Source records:

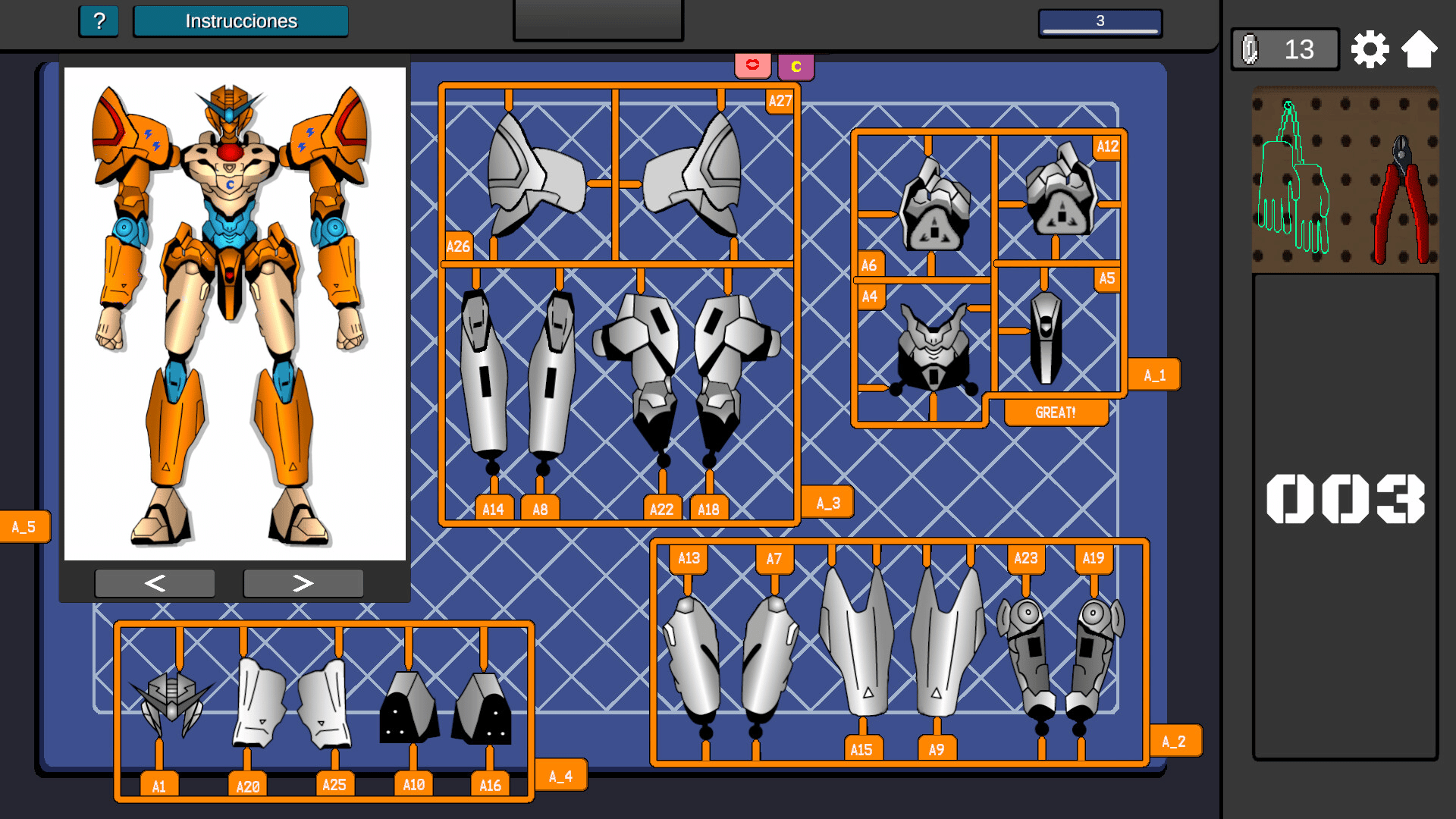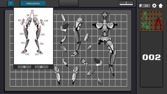 Welcome to Mech Assembler, a relaxing puzzle game inspired by model kit (Gunpla) construction. You'll experience the relaxing process of building a model. Once assembled, you can paint it with Spry. Earn points based on your accuracy and unlock new elements.
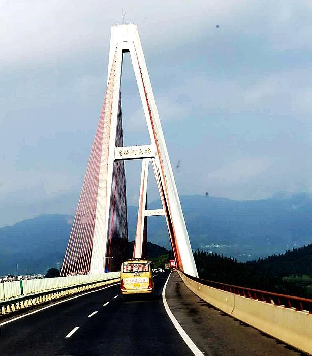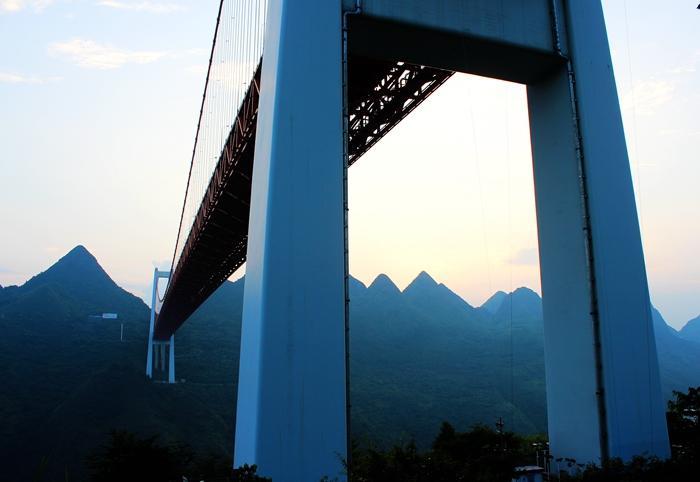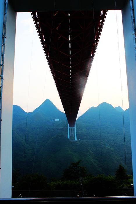 我是有恐高症的,别说370米?站在10层高的楼房朝下看的时候,双腿便开始自行颤抖,土话说,叫“打飊”,心理微微发慌。那个滋味儿不是自己能控制住的,而是大脑皮层神经质面对高处,一种捍卫自己身体的本能反应。但为了观赏中国制造的坝陵河大桥,我还是不顾一切,也随大家乘电梯爬上桥梁的最高端,游览大桥。
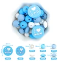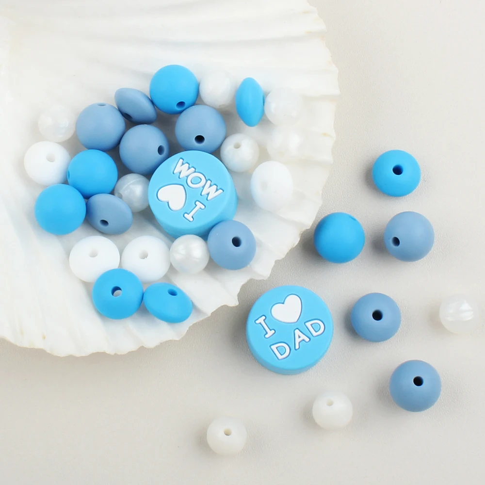 Comprar Juego de cuentas redondas de silicona para fabricación de joyas, accesorios de cadena de chupete DIY, I Love Mum and Dad, grado alimenticio, 34 piezas por juego
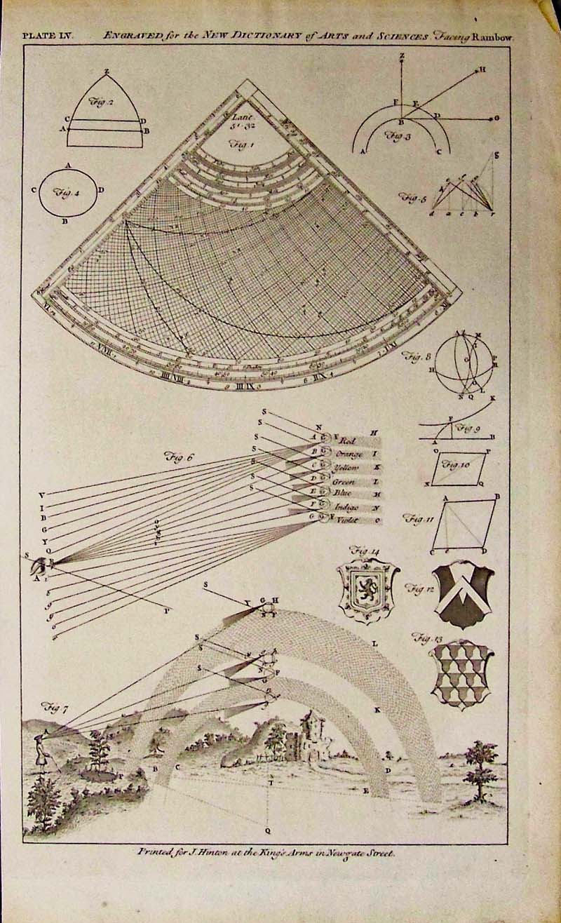 023science: 1752 Engraving printed for J. Hinton at the King's Arms in Newgate Street, Engraved for the New Dictionary of Arts and Sciences, Facing Rainbow. Plate LV. 16 x 10 in. $90
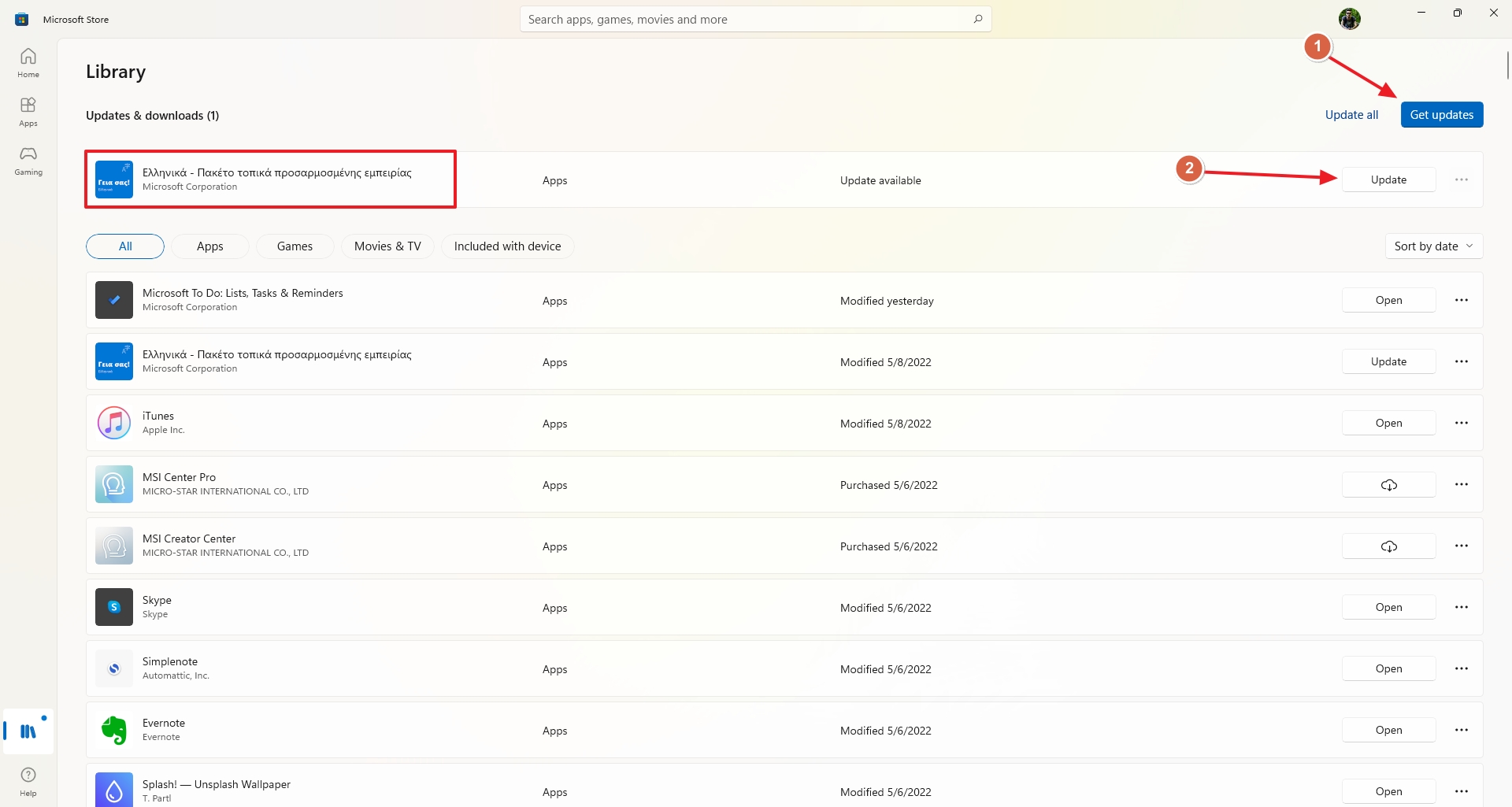 Οι μεταφράσεις θα ενημερώνονται μελλοντικά από το Microsoft Store, και μπορείς είτε να τις αφήνεις να ενημερώνονται αυτόματα, είτε να τις ενημερώνεις χειροκίνητα κάθε φορά ακολουθώντας τα ίδια βήματα.
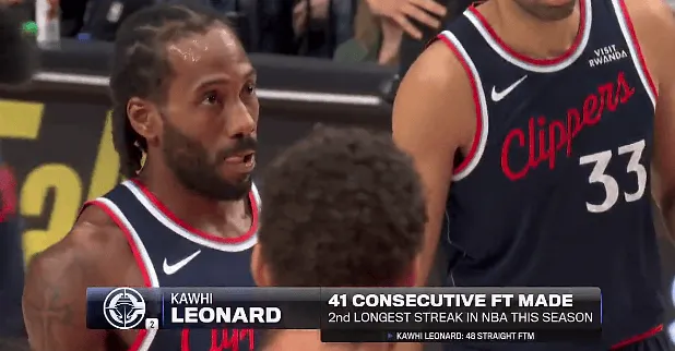 此役后,倫納德連續(xù)罰進(jìn)52球創(chuàng)本賽季聯(lián)盟第一長(zhǎng),此前最長(zhǎng)也是倫納德投出的連續(xù)48個(gè)罰球命中。
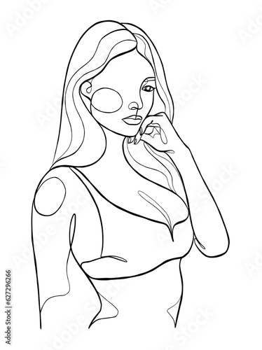 Continuous one line drawing of minimalist woman. Vector illustration.
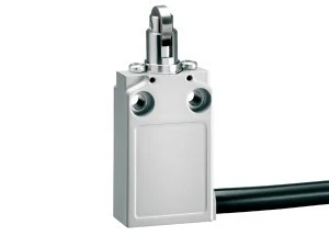 Wyłącznik krańcowy trzpień wciskany z rolką, rolka metalowa, rolka w osi korpusu przesunięta o 90o
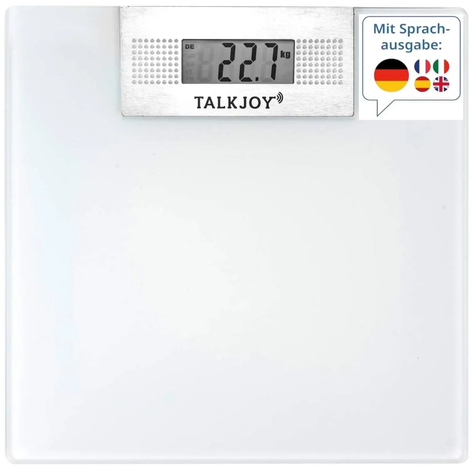 Kategorie: Personenwaagen - TalkJoy - GTIN:0728899433289 - Laute und deutliche Ansage des Gewichts nach Messung in 5 Sprachen: Deutsch, Englisch, Französisch, Spanisch oder Italienisch auswählbar; Waage Personen mit Einschränkungen und ohne. Großes digital LCD Display, leicht ablesbar, seniorentauglich, für Kinder oder Menschen mit Sehschwäche geeignet; Digitale Personenwaagen für sämtliche Zielgruppen, da zeitloses Design Breite Trittfläche und einfache Bedienung mit Step-on-Funktion (Messung beginnt bei Betreten) und Abschaltautomatik nach dem Absteigen. Sagt das Waggegewicht Personen an, bis 180kg. Präzise Waage mit exakten Messergebnissen und Sprachwiedergabe der Messwerte, weight scale der Extraklasse mit Potential zur Personenwaage digital Testsieger 2025 Maximal 180kg Körpergewicht auf 100 gram genau messbar. personen waage digital ist das lifestyle gadget in jedem Badezimmer und ein ideales Geburtstagsgeschenk - 37,90 Euro bei Amazon Marketplace Automotive - gefunden von billiger.de Die Beurer GS 39 ist eine digitale Personenwaage mit Sprachausgabe, die für ihre Qualität und Langlebigkeit bekannt ist. Manomano.d e

• [Problem description]: Pictures don't belong in the copy. Restate all the entries exactly.

• [Your solution]:
 Welcome to Mech Assembler, a relaxing puzzle game inspired by model kit (Gunpla) construction. You'll experience the relaxing process of building a model. Once assembled, you can paint it with Spry. Earn points based on your accuracy and unlock new elements.
 我是有恐高症的,别说370米?站在10层高的楼房朝下看的时候,双腿便开始自行颤抖,土话说,叫“打飊”,心理微微发慌。那个滋味儿不是自己能控制住的,而是大脑皮层神经质面对高处,一种捍卫自己身体的本能反应。但为了观赏中国制造的坝陵河大桥,我还是不顾一切,也随大家乘电梯爬上桥梁的最高端,游览大桥。
 Comprar Juego de cuentas redondas de silicona para fabricación de joyas, accesorios de cadena de chupete DIY, I Love Mum and Dad, grado alimenticio, 34 piezas por juego
 023science: 1752 Engraving printed for J. Hinton at the King's Arms in Newgate Street, Engraved for the New Dictionary of Arts and Sciences, Facing Rainbow. Plate LV. 16 x 10 in. $90
 Οι μεταφράσεις θα ενημερώνονται μελλοντικά από το Microsoft Store, και μπορείς είτε να τις αφήνεις να ενημερώνονται αυτόματα, είτε να τις ενημερώνεις χειροκίνητα κάθε φορά ακολουθώντας τα ίδια βήματα.
 此役后,倫納德連續(xù)罰進(jìn)52球創(chuàng)本賽季聯(lián)盟第一長(zhǎng),此前最長(zhǎng)也是倫納德投出的連續(xù)48個(gè)罰球命中。
 Continuous one line drawing of minimalist woman. Vector illustration.
 Wyłącznik krańcowy trzpień wciskany z rolką, rolka metalowa, rolka w osi korpusu przesunięta o 90o
 Kategorie: Personenwaagen - TalkJoy - GTIN:0728899433289 - Laute und deutliche Ansage des Gewichts nach Messung in 5 Sprachen: Deutsch, Englisch, Französisch, Spanisch oder Italienisch auswählbar; Waage Personen mit Einschränkungen und ohne. Großes digital LCD Display, leicht ablesbar, seniorentauglich, für Kinder oder Menschen mit Sehschwäche geeignet; Digitale Personenwaagen für sämtliche Zielgruppen, da zeitloses Design Breite Trittfläche und einfache Bedienung mit Step-on-Funktion (Messung beginnt bei Betreten) und Abschaltautomatik nach dem Absteigen. Sagt das Waggegewicht Personen an, bis 180kg. Präzise Waage mit exakten Messergebnissen und Sprachwiedergabe der Messwerte, weight scale der Extraklasse mit Potential zur Personenwaage digital Testsieger 2025 Maximal 180kg Körpergewicht auf 100 gram genau messbar. personen waage digital ist das lifestyle gadget in jedem Badezimmer und ein ideales Geburtstagsgeschenk - 37,90 Euro bei Amazon Marketplace Automotive - gefunden von billiger.de Die Beurer GS 39 ist eine digitale Personenwaage mit Sprachausgabe, die für ihre Qualität und Langlebigkeit bekannt ist. Manomano.d e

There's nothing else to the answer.